Em 8 de março de 1917, na Rússia, houve uma grande passeata de mulheres, em protesto contra o preço dos alimentos, o desemprego e a deterioração geral das condições de vida no país. Operários acabaram se juntando à manifestação, que se estendeu por vários dias e acabou por precipitar a Revolução de 1917. Nos anos seguintes, o Dia da Mulher passou a ser comemorado naquela mesma data. Em 1975, o dia 8 de março foi instituído como Dia Internacional da Mulher pela Organização das Nações Unidas (ONU). Atualmente, a data é comemorada em mais de 100 países.

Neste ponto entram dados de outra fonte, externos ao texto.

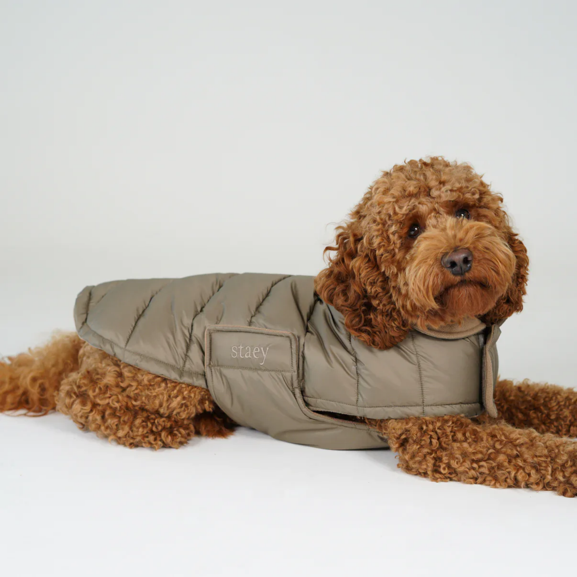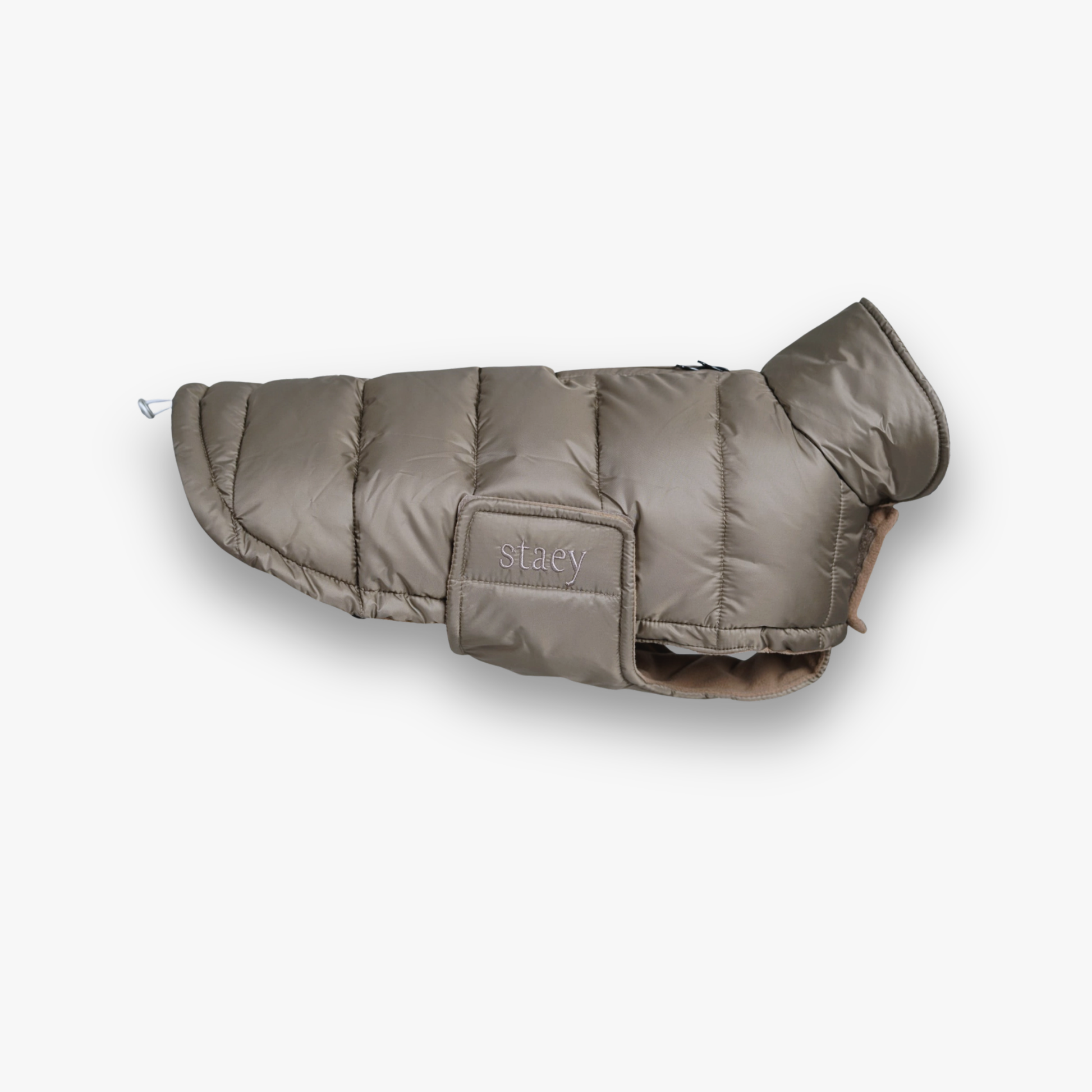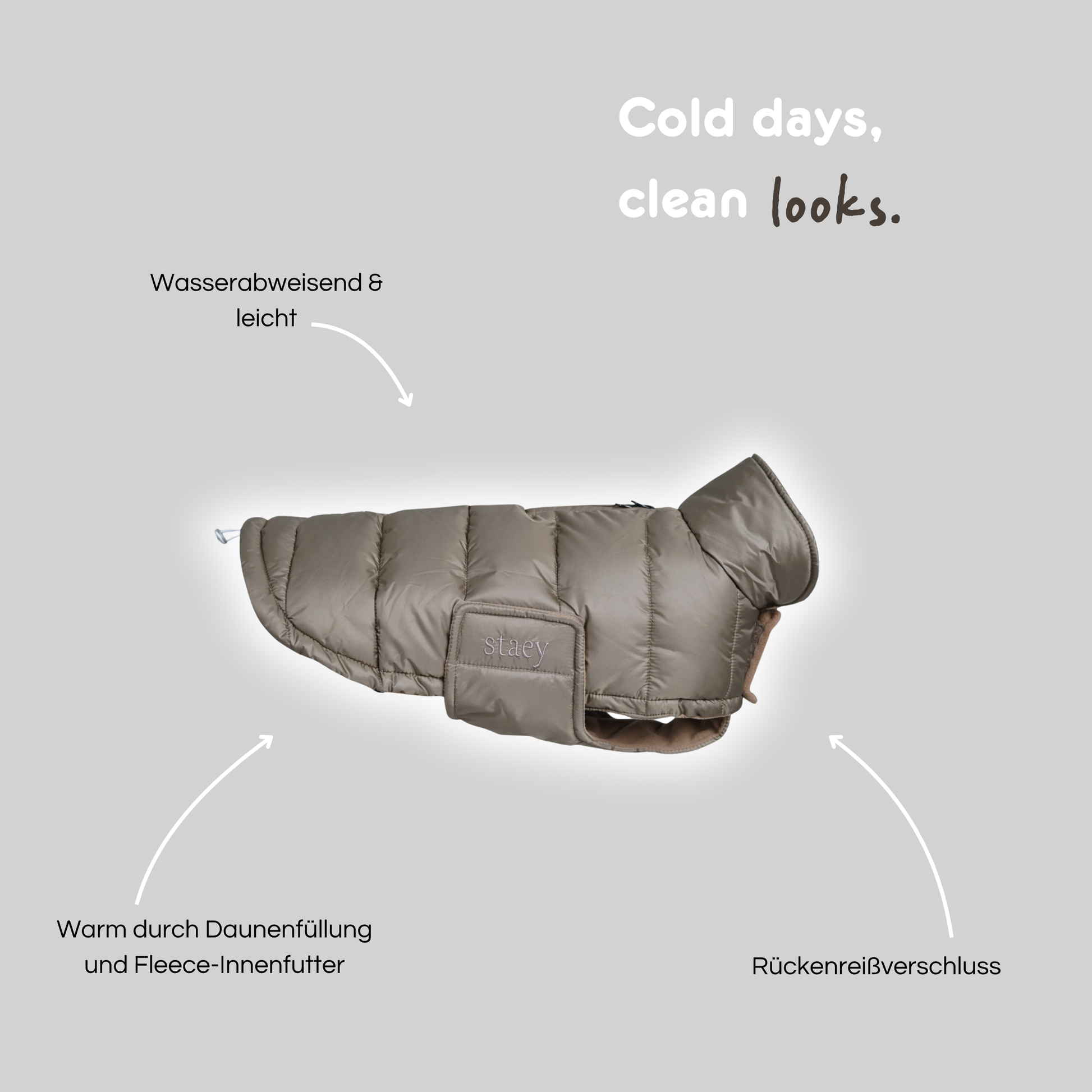 Der Nora Mantel von Staey vereint skandinavische Designsprache mit hochwertiger Funktion: Eine Innenlage aus Fleece und Daune sorgt für wohlige Wärme, der wasserabweisende Außenstoff macht ihn wetterfest. Ein Hundemantel, der Wärme schenkt und super aussieht.
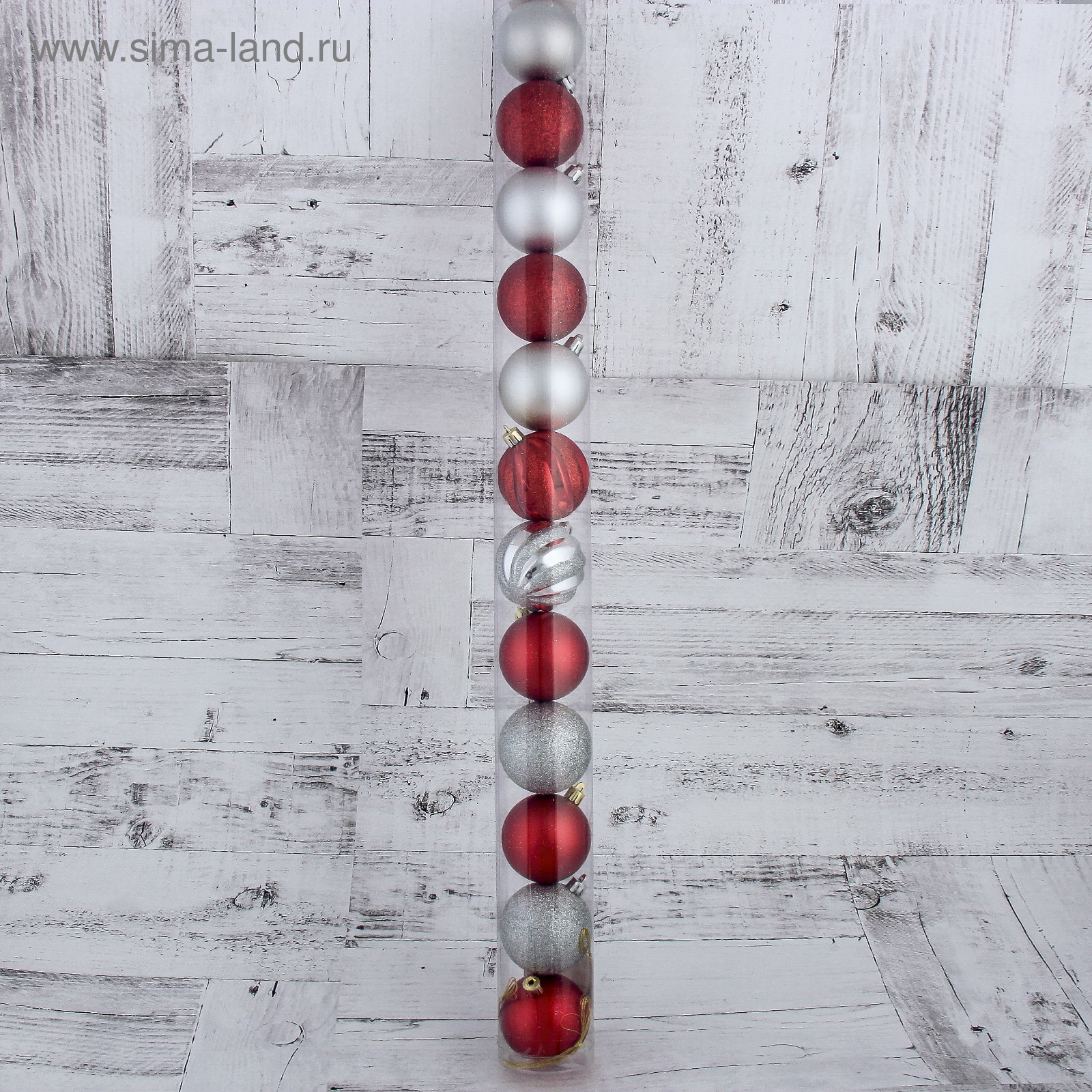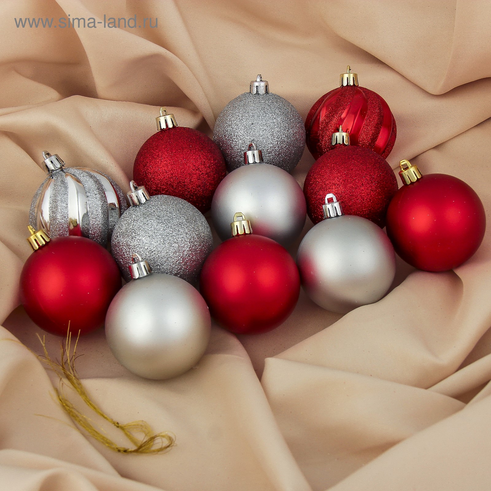 Набор:Да|Цвет:МИКС|Цвет:Красный|Цвет:Серебристый|Диаметр шара, см:6|В наборе, шт.:12|Рисунок:Да|Символ года:Нет|Тематика праздника:Новый год|Материал:Пластик|Стиль:Скандинавский|Страна:Китай
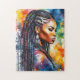 Ein kreatives Puzzle mit einer schwarzen Frau, gemalt im Wasserfarben-Stil.
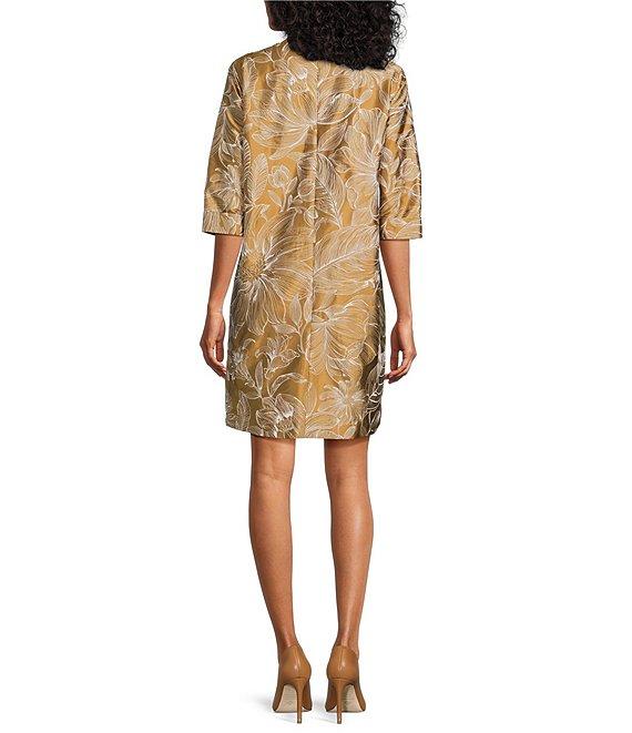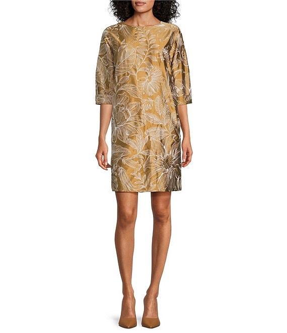 From Caroline Rose, this dress features: Exotic embroidery floral jacquard woven fabrication Shift silhouette Scoop neckline 3/4 cuffed sleeves Bust dartsSide seam pocketsStraight hemLinedHidden back zip closure Approx. 37" length Polyester; lining: polyesterDry clean Made in the USA.
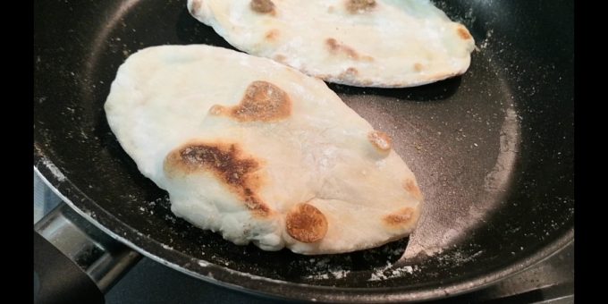 フライパンで蓋をして、弱火で良い感じになるまで焼けばナン完成~

A briga por direitos atravessou décadas e hoje, apesar de melhores condições, a mobilização segue constante e necessária. Espaços vão sendo ocupados com maior destaque e cada vez com mais competência. O Corpo de Bombeiros do Paraná foi criado em 1912, mas só em abril de 2005 houve a incorporação das mulheres nos quadros de oficiais. Três anos depois e então recém-formada em Educação Física, Luisiana Guimarães Cavalca decidiu seguir o caminho de salvar vidas: passou nas provas da UFPR, encarou os três anos do curso de formação e hoje é capitã e subcomandante do 1º SGB de Maringá. Na trajetória, quebrou barreiras e preconceitos, assim como suas colegas precursoras, das primeiras turmas. “Somos muito respeitadas. Se há algum machismo ou preconceito, principalmente em relação à capacidade física, ele é velado e cada vez menor. Quem ainda insiste nisso logo percebe, naturalmente, como é descabido”, analisa.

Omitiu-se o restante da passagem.